The echoes of savagery

Five years ago, perhaps the news that two women had exploded themselves and at least 38 blameless commuters in Moscow would have left us numb, rather than shocked and despairing. We were more used to it then. But half a decade has passed without such an atrocity, and surely everyone had begun to hope the days of brutality were over.

Already Russian officials have speculated about the help the women must have needed to commit these acts of mass murder. Inevitably, they have used the words "outside forces" – that is, a catch-all term that includes anyone they see as enemies of Russia: the CIA, MI6, al-Qaida, and so on. Without such help, they say, Russia's scattered insurgents could surely never have mustered up the strength to do this.

But, in reality, these are some of the cheapest of crimes. All you need to commit mass murder on the Moscow metro is know-how, explosives, wires, detonators – all of which are in plentiful supply in the North Caucasus, almost certainly the source of the attack – and women.

The tragedy of the Chechen war, and the savagery from both sides that has turned Chechnya from a prosperous backwater to a brutalised sink, is that it has created so many traumatised victims. On the Russian side, these are ex-servicemen sent back to their homes with minimal support and memories full of death. On the Chechen side, these are young men scarred by torture, and young women, often raped, often widowed.

In a previous wave of suicide bombings in Moscow, two women blew themselves up at a rock concert in 2003. They had been sent north from Chechnya with a companion, Zarema Muzhakhoyeva, and four days after the murder of the 15 concert-goers, she too set out to kill.
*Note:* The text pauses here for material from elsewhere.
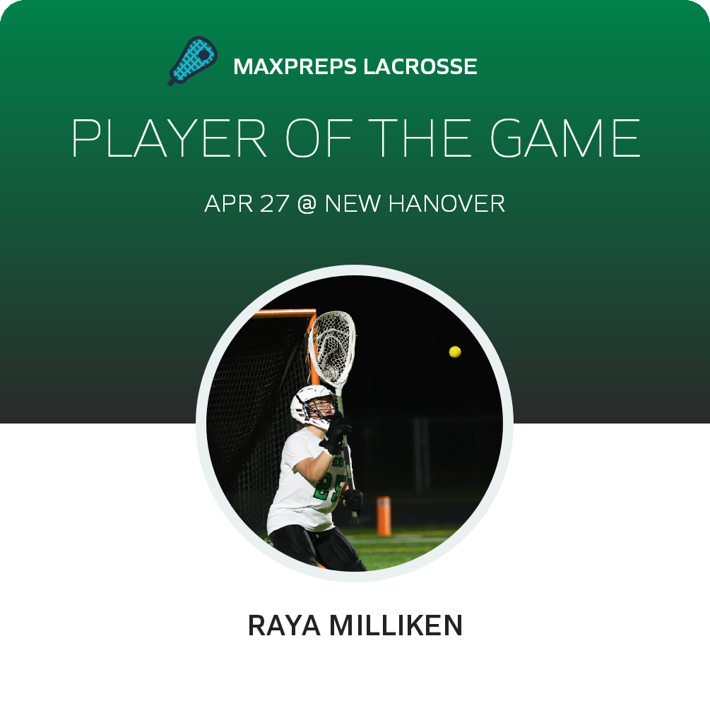 Congratulations to #22 Blair Mickle for being selected the New Hanover Girls Lacrosse Player of the Game.

Her nerve failed her, however, and she surrendered, becoming the only witness we have to the depths of despair Chechen women have to plumb before they will commit such acts.

She revealed after her arrest how Shamil Basayev, the most terrible of the Chechen warlords until his death in 2006, recruited women to wage war. One of the women who attacked the concert had been widowed; the other ordered to go by her husband. As for her, she had lost her husband, then had her child taken from her. Her attempt to steal back her child had left her in debt and disgrace, and becoming a suicide bomber was the only way she could see of redeeming both.
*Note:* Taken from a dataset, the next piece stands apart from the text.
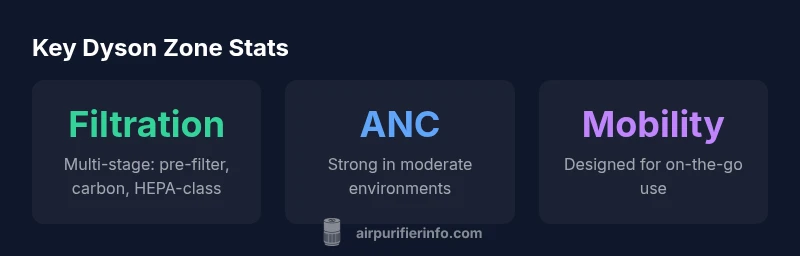 The Dyson Zone relies on a multi-stage filtration stack designed to capture large particles and odors before the air reaches your breathing space. The filtration typically includes a pre-filter, a carbon or odor-absorbing layer, and a HEPA-class element. In practice, filtration effectiveness depends on airflow through the device, seal integrity, and the duration of wear. Air Purifier Info analysis shows that this configuration aligns with common high-end portable purifiers in terms of flexibility and maintenance, but real-world outcomes hinge on how consistently the filters are replaced and how well the seal maintains a clean breathing zone. Users should expect noticeable air quality benefits in environments with dust, pollen, or strong urban odors, but not a substitute for a large room purifier in a large, stagnant space. The Dyson Zone is best understood as a personal air-cleaning system that supplements proper room ventilation rather than replacing it.
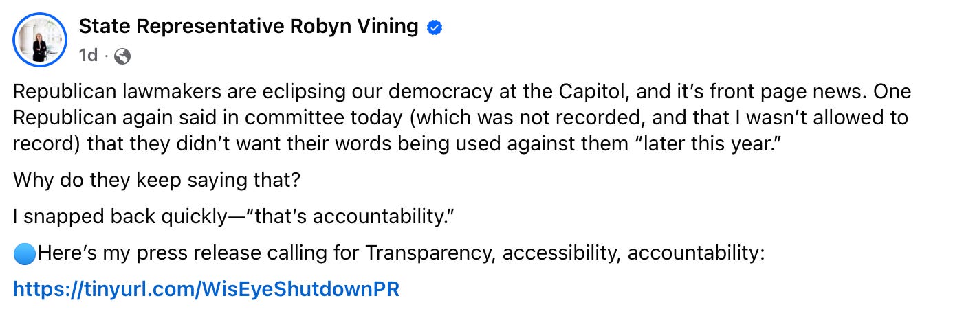 Strong piece on how removing Wisconsin Eye created a vacuum that leadership immediately filled with opacity. The Rep saying they dont want words used against them later this year is basically admitting the quiet part out loud, accountability is the threat not documentation. Had a similar dynamic in local govt where removing livestreams didnt reduce controversey it just made it harderfor residents to verify what actually happend.

It is impossible not to condemn someone who sets out to commit slaughter even if, like her, they do not go through with it. But it is also impossible not to condemn a situation where the only support available for despairing young women is the brutal arm of the Chechen resistance.
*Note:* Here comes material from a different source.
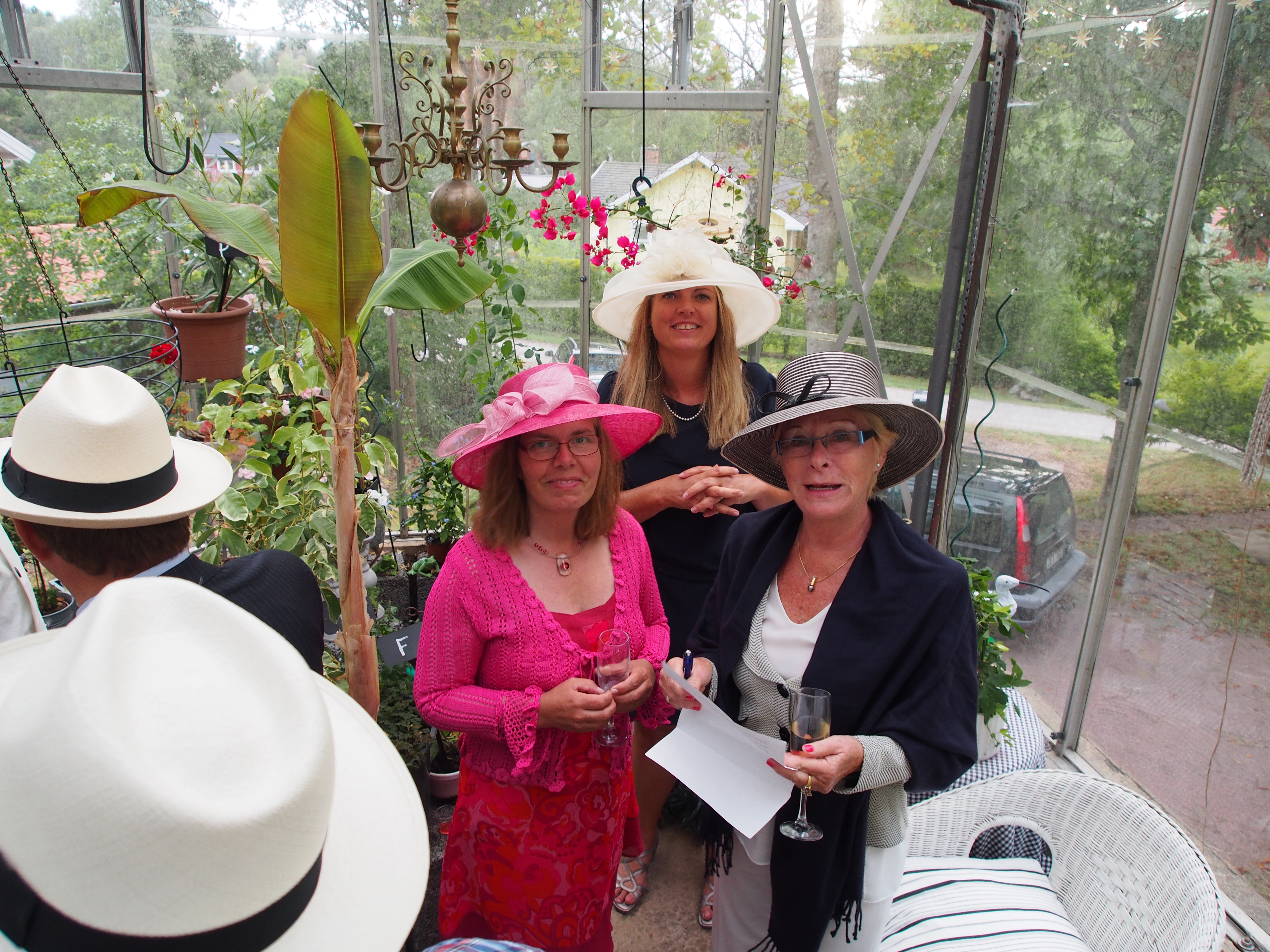 Trevligaste frågan var nog att para ihop likörglas med innehåll till lämplig växt, självklart för att göra livet svårare och sätta igång mer diskussion mellan deltagarna fanns det varken namn på likörer såsom växter. Det var härligt att se alla hattprydda personer ha trevligt i vårt lilla orangeri.

The reality of the Chechen war is little understood in Russia, where people have willed it to be over for so long they imagine that it is. There was a telling exchange in the trial of Nurpashi Kulayev, who was sentenced to life on terrorism charges as the only survivor of the band that seized the school in Beslan in 2004.

The judge asked Kulayev how he knew so much about military affairs, and the defendant replied: "You have been teaching me this for 10 years". He, like hundreds of thousands of Chechens, had lived in a brutal war for all his adult life and never needed training to tell one kind of tank from another. It is part of the problem that not even a judge knew that.

In 1991, when Chechnya's post-communist leader decided to declare independence, it was not inevitable that the war would turn savage. The other post-Soviet conflicts in the Caucasus – involving Georgia, Azerbaijan and Armenia – were fought between armies of men with guns. Only in Chechnya did schools, theatres and commuter trains become targets.

Every incident has provoked a response; and every response has provoked an incident, until all bonds of humanity have been severed. The first sign this was happening came in 1995, when Basayev and his men seized a hospital to demand an end to the war. His lieutenant tried to justify the attack by saying it was nothing compared to the Russian bombing of his home village.

"Why was the world silent when Shali was bombed, when some 400 people were killed and wounded? In fact, the evil we did in Budyonnovsk was not even 30% of what they did in Shali," he said.

It had appeared that, with Basayev's death, the Chechens had rejected such a terrible, self-defeating philosophy. Now it seems they have not. We just have to hope the Russian response serves to end the cycle of retribution. If they lash out once more, the violence may never end.

Oliver Bullough, who was a Reuters Moscow correspondent, and is now Caucasus Editor for the Institute for War and Peace Reporting.